[Exercise aim]
Ignoring every picture, return the lines of the listing below word for word, from the line that holds "5 Marka 1955" through the line that holds "6.儿童房的色彩可以选用一些".

[Extracted information]
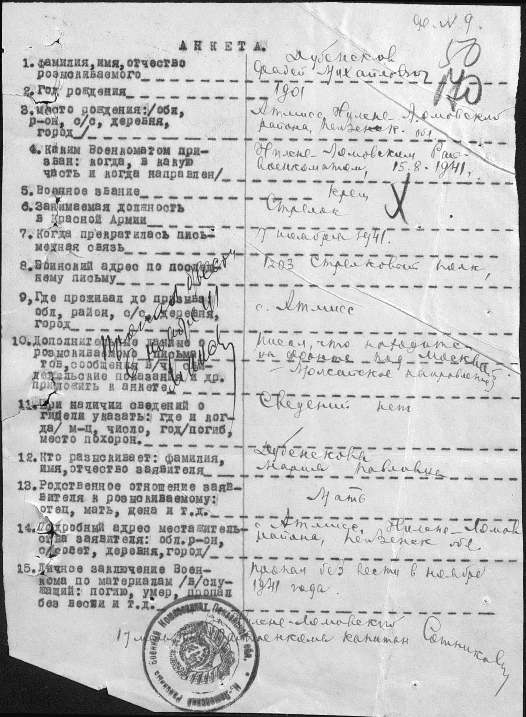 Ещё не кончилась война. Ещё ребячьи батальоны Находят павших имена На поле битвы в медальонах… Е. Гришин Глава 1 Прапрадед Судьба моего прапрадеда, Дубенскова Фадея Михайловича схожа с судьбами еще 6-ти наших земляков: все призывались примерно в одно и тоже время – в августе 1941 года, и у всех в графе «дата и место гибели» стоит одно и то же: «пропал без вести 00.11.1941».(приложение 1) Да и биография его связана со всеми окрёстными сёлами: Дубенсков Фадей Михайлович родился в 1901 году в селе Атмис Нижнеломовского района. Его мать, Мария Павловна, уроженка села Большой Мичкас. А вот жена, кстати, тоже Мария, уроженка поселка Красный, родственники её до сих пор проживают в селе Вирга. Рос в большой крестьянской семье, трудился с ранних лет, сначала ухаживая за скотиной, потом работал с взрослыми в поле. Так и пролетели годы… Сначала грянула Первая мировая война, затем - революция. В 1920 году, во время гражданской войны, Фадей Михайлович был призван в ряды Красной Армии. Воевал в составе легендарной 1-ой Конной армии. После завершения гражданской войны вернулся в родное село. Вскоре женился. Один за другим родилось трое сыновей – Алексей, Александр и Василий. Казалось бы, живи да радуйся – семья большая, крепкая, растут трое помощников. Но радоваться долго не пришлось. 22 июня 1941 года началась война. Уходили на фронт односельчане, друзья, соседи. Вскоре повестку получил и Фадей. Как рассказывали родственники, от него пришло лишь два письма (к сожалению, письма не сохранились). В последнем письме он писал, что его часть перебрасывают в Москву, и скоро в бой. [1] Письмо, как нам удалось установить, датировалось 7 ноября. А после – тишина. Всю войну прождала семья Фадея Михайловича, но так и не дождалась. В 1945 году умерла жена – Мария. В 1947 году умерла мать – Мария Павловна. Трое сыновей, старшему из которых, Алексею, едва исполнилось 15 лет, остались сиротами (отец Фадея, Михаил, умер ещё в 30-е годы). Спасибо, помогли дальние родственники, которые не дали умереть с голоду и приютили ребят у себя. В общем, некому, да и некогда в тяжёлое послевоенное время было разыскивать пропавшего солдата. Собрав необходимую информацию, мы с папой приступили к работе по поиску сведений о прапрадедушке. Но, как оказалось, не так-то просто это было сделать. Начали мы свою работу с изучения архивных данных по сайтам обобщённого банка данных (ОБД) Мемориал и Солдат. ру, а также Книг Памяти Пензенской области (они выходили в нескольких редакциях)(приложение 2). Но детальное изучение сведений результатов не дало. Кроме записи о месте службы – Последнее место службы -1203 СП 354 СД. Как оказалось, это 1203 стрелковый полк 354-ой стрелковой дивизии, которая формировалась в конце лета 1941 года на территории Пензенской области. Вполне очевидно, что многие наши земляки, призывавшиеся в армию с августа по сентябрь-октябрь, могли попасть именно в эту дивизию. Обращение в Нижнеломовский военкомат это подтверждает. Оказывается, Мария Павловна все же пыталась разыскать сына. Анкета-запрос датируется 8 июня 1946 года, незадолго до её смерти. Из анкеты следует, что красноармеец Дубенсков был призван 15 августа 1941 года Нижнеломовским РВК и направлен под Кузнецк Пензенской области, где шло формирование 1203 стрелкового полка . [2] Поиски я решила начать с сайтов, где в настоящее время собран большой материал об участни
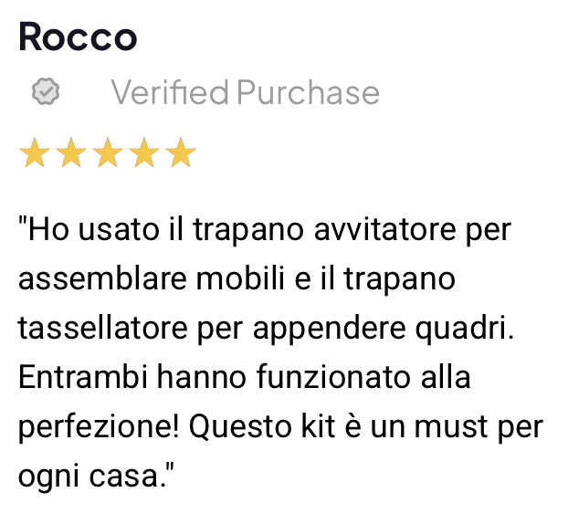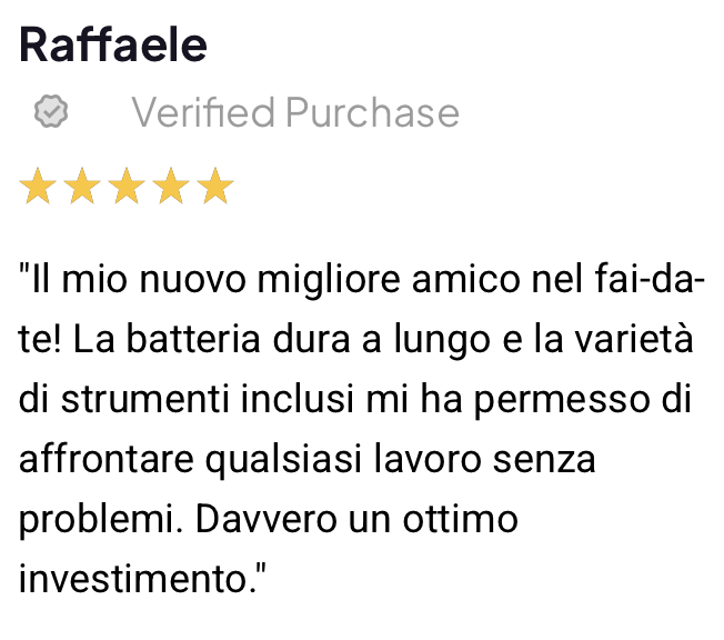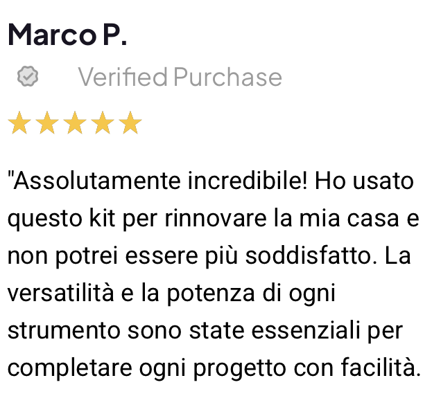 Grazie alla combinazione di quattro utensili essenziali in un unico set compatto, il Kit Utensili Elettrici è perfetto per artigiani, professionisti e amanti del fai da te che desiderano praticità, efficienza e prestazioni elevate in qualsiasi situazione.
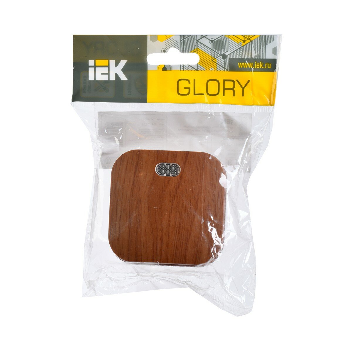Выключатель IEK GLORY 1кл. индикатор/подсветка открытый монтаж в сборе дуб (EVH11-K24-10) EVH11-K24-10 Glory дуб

--

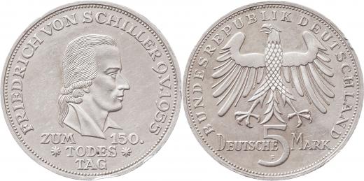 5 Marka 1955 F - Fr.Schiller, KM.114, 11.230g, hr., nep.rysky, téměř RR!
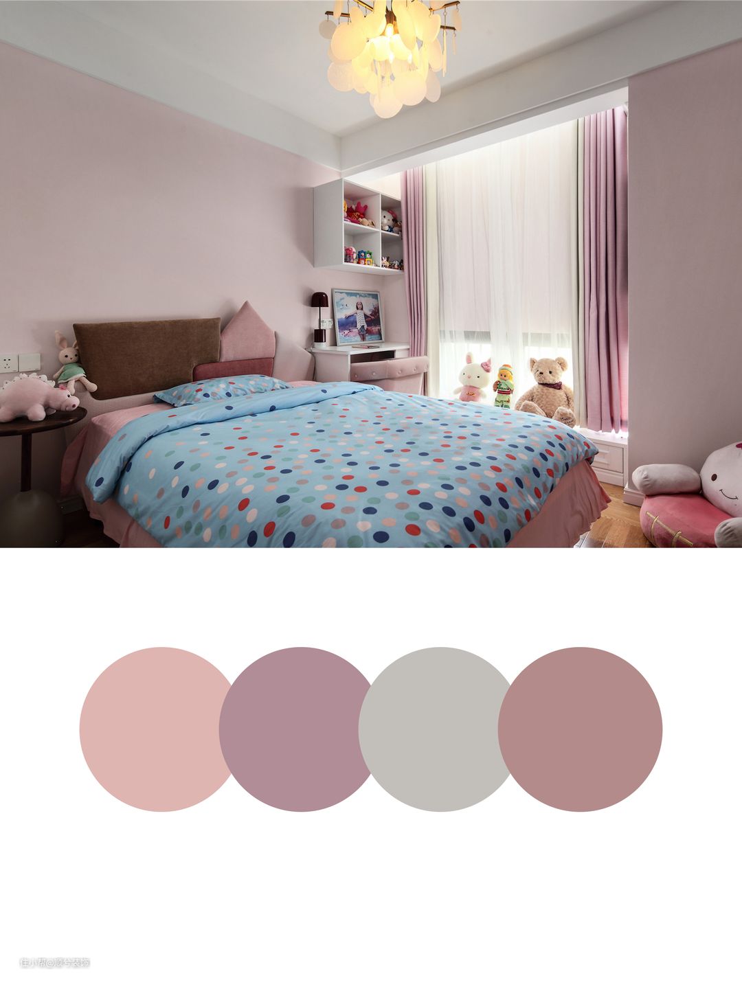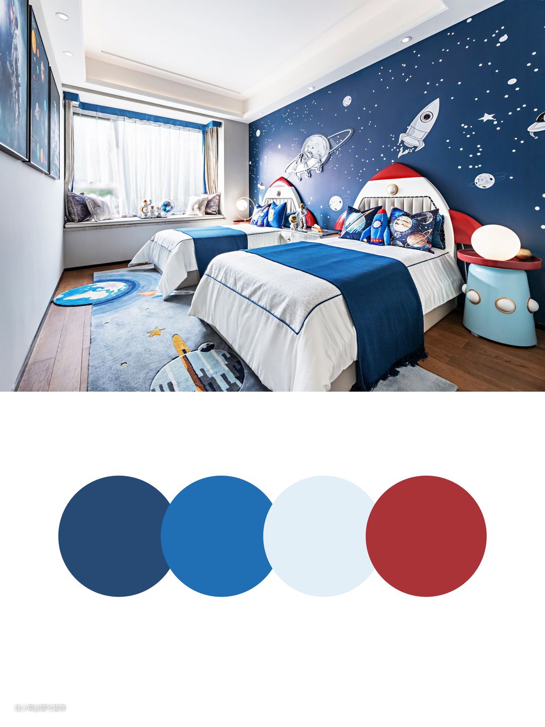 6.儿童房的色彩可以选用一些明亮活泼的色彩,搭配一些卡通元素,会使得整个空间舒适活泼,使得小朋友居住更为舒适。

[Answer below]
 5 Marka 1955 F - Fr.Schiller, KM.114, 11.230g, hr., nep.rysky, téměř RR!
 6.儿童房的色彩可以选用一些明亮活泼的色彩,搭配一些卡通元素,会使得整个空间舒适活泼,使得小朋友居住更为舒适。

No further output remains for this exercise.